The railings from the second floor balcony were recycled to replace missing railings on the first floor porch. Concrete steps that had been added sometime circa 1930 were removed; wooden steps will eventually replace them – but with five of the seven remaining exterior doors still operable, this is not a high priority.
The thirteen foot by twenty-six foot room in the middle of the first floor has had the old wallpaper and woodwork stripped and the original plaster repaired. We contemplated using the original paint scheme, but decided that the teal blue and dark gray was not in keeping with our personalities, and opted for neutral beiges. The fireplace mantel has been faux-grained to match the mahogany furniture used in this room.

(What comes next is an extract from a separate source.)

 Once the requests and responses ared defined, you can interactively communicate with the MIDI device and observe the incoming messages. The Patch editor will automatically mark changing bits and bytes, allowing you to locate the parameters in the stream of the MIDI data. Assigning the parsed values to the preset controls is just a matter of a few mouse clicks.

Work is proceeding in the kitchen; the woodwork is slowly being stripped and repainted in the original light gray. All of the windows in the house are original, many with the original glass, and they are being carefully reglazed and painted.

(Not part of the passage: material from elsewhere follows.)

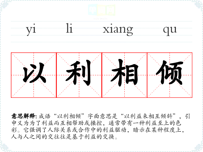 成语“以利相倾”字面意思是“以利益来相互倾斜”,引申义为为了利益而互相帮助或操控,通常带有一种利益至上的色彩。它强调了人际关系或合作中的利益驱动,暗示在某种程度上,人与人之间的交往往是基于利益的交换。

As with most farms, the repair and maintenance of the outbuildings and care of the land and animals takes up a great deal of time, and the work on the house proceeds slowly. But this is good, for it allows much time for thought and planning, and finding appropriate architectural elements to incorporate into the restoration. As an example, the enclosed main stairway is two stories high, but had light only from a small window on the landing. A stained glass window has been set in the wall of the small room above the stairway, bringing in light and providing a focal point, which can be seen in the large mirror hung in the opposite wall on the landing. A pair of cabinets with leaded glass doors and mirrored backs have been built into the office, and hold a collection of porcelain carousel animals.
We often sit on the front porch on quiet summer evenings, enjoying the birds and wildlife, and commenting on our extraordinary good luck in finding such a perfect place to spend our retirement years.”
Polly Schofield
This article appeared in the Herald-Mail Sunday, August 1, 1993 as the 48th in the series.